OK, I thought I had never seen a Jennifer Lawrence film, but a quick Wiki-check reveals she was in the latest X-Men, which I saw most of in a hotel and I guess she was fine in that. But, based on this alone (especially after the first few questions), I am now officially a fan:
She seems very authentic. I read an article about her where someone went an interviewed her and she had them meet her somewhere hiking and she just went and squated behind a tree to take a piss.
Re Argo, here's a ten minute segment from the terrific BBC series "Witness" where they interview some key figure in an event, in this case the Canadian ambassador in Tehran at the time.
I actually went the other way. I now start to doubt how much of this is genuine and how much of it is a shtick. There seems to be a bit of a Hathaway backlash for "wanting" her Oscar too much. But I don't believe too much in people who have been pressed up against the industry's bosom and still pretend not to be part of the machine. Lawrence is a talented actress (lightyears ahead of other actresses of her generation à la Kristen Stewart) but I don't believe the authenticity of her public persona any more or less than of any other actor/actress.
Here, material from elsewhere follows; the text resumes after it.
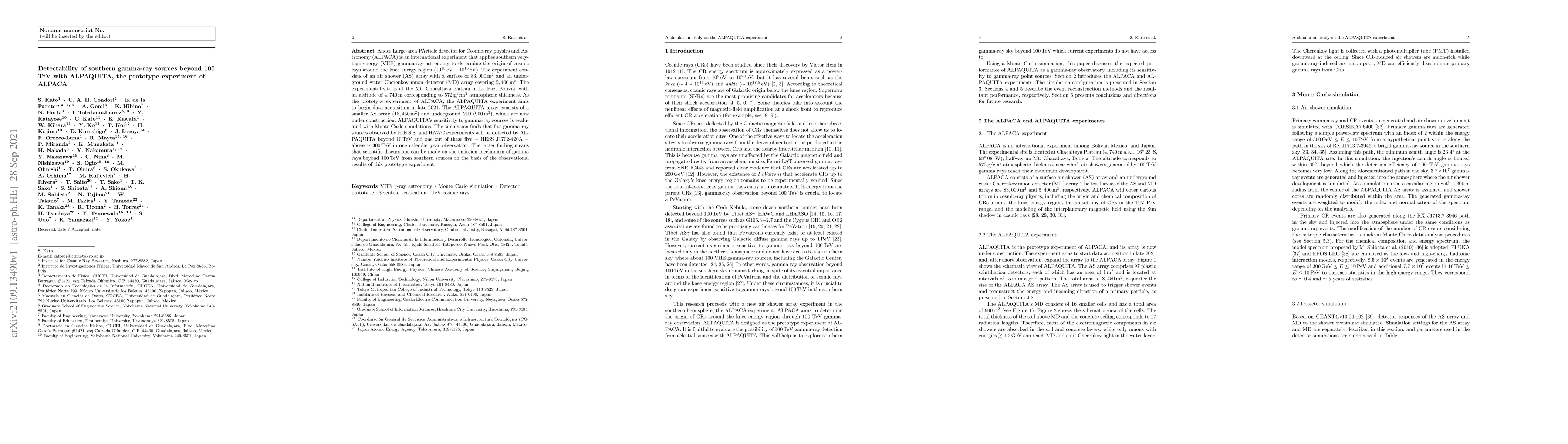 The ALPAQUITA prototype experiment aims to detect southern gamma-ray sources beyond 100 TeV, serving as a precursor to the larger ALPACA project. Monte Carlo simulations indicate that ALPAQUITA can detect five gamma-ray sources above 10 TeV, including HESS J1702-420A above 300 TeV, enabling scientific discussions on high-energy gamma-ray emissions.

Eye of the beholder. For me, I have gone from really liking Hathaway on-screen to becoming incredibly annoyed at her public persona, based on her (in my humble view) faux sincerity at awards shows. Last night's seemingly private aside of "...it came true..." for example seemed so pre-thought-out. Just grab it and yell it to the audience. Yes, My Dream Came True. That's something to be proud of. Not whispery cutesy about. But, seriously, little could be less important.